Prevention and Control
- Good biosecurity measures are important to prevent transmission through fomites and mechanical vectors.
- Once a swine herd has been infected, the virus can persist in the herd and cause periodic outbreaks; however,
good management can decrease the frequency, extent of outbreaks and severity of disease.
- Once swine influenza is established on a farm, it is very difficult to completely clear and the depopulation
of herds may be necessary.
- People ill with influenza viruses have reportedly infected pigs; while this is possible, these events are not
well documented.
- People working with pigs should follow the same advice as provided to the general public and stay home if
showing flu-like symptoms.
- Inactivated influenza vaccines are also available for some influenza virus infections in pigs.
- To provide adequate protection, influenza vaccines need to reflect the current subtypes and strains in a
geographic area and may need change periodically.
- These vaccines do not always prevent infection or virus shedding, but appropriately vaccinated pigs generally
have milder disease if they are infected.
- Good husbandry practices including All-in/All-out to limit the spread of the disease, provision of fresh clean
drinking water, avoiding ducks and turkey contamination's/contact including staff and proper use of
disinfectants to clean infected buildings.
3. Classical swine fever
- Classical swine fever (CSF) is a contagious viral disease of pigs. CSF is caused by a virus belonging to the
family Flaviviridae and the genus pestivirus.

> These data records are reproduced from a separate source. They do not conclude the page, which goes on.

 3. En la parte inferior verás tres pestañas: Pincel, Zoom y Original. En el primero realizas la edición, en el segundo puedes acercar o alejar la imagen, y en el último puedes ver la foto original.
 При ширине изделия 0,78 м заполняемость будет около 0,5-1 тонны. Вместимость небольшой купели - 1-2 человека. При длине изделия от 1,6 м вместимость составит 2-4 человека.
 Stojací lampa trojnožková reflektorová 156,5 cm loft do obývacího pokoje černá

- Classical swine fever (CSF), also known as hog cholera, is a contagious viral disease of domestic and wild
swine. It is caused by a virus of the genus Pestivirus of the family Flaviviridae, which is closely related to
the viruses that cause bovine viral diarrhoea in cattle and border disease in sheep.

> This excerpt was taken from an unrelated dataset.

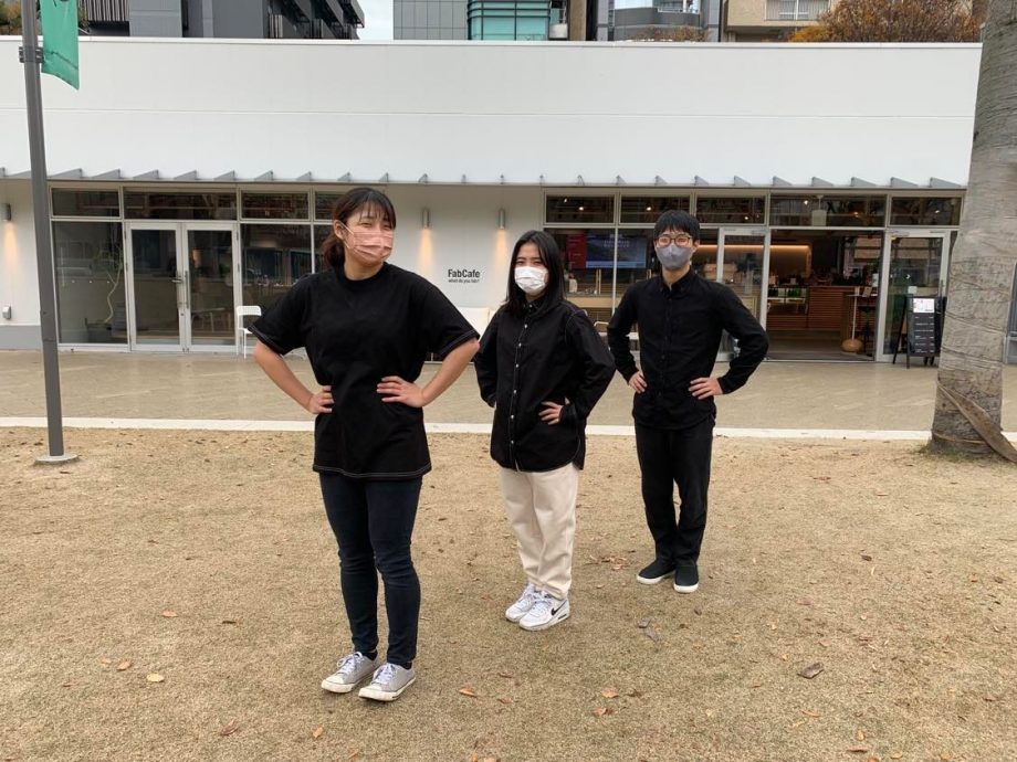 FabCafe Nagoyaのユニフォームはグレーと決まっています。でも、「たまには気分を変えて、違う色の服を着て働きたいよね!」と、話していました。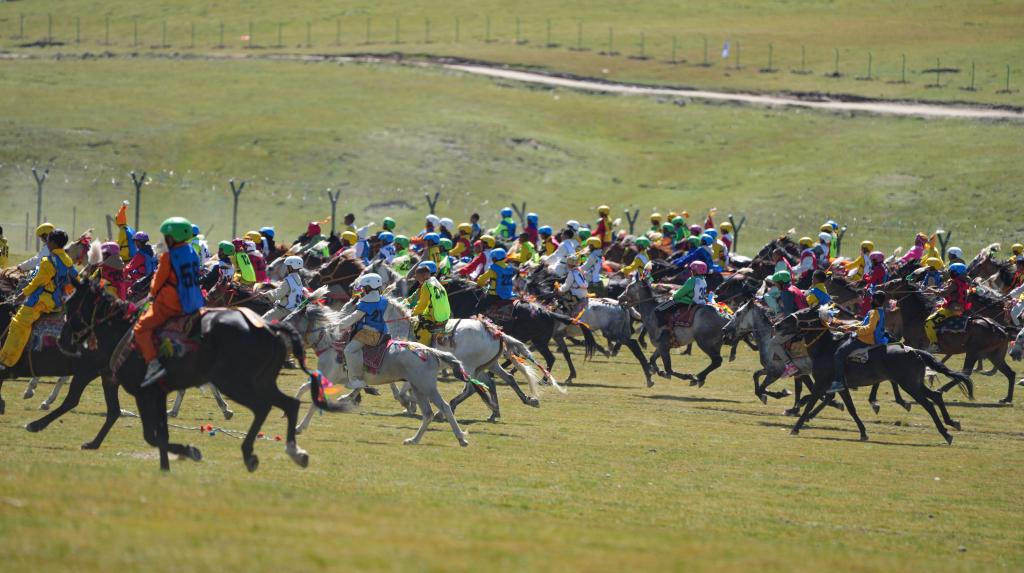 8月12日,上百匹賽馬在10公里傳統(tǒng)大跑項(xiàng)目中角逐。新華社記者晉美多吉攝

- There is only one serotype of CSF virus (CSFV). CSF is a disease listed by the World Organization for Animal
Health (WOAH) Terrestrial Animal Health Code and must be reported to the WOAH (WOAH Terrestrial Animal Health
Code).
Symptoms
- Acute infection: In acute form, the pigs appear sick, inactive and drowsy with arched back. Some pigs
stand with droopy head and straight tail. Huddling, vomiting, high fever anorexia and constipation.
Conjunctivitis, staggering gait, posterior weakness and purple discoloration of abdominal skin
- In last stage of the infection, pigs will become recumbent, and convulsions may occur shortly before death.
Sever diarrhoea will also occur during last stages.
- Chronic form: Dullness, capricious appetite, pyrexia and diarrhoea for up to 1 month. Weight loss, hair
loss, dermatitis and discoloration of abdomen or ears are the other symptoms. A chronically infected pig may
have a disproportionately large head relative to the small trunk.
Diagnosis
- Based on high morbidity and mortality, high fever, diarrhoea. Kidney and lymph node lesions will help in field
diagnosis.
- Because the clinical signs are not exclusive to CSF, and vary widely, laboratory tests are required to detect
antibodies or the virus itself.
Prevention and Control
- Treatment is not attempted. Affected pigs must be slaughtered and the carcasses buried or incinerated.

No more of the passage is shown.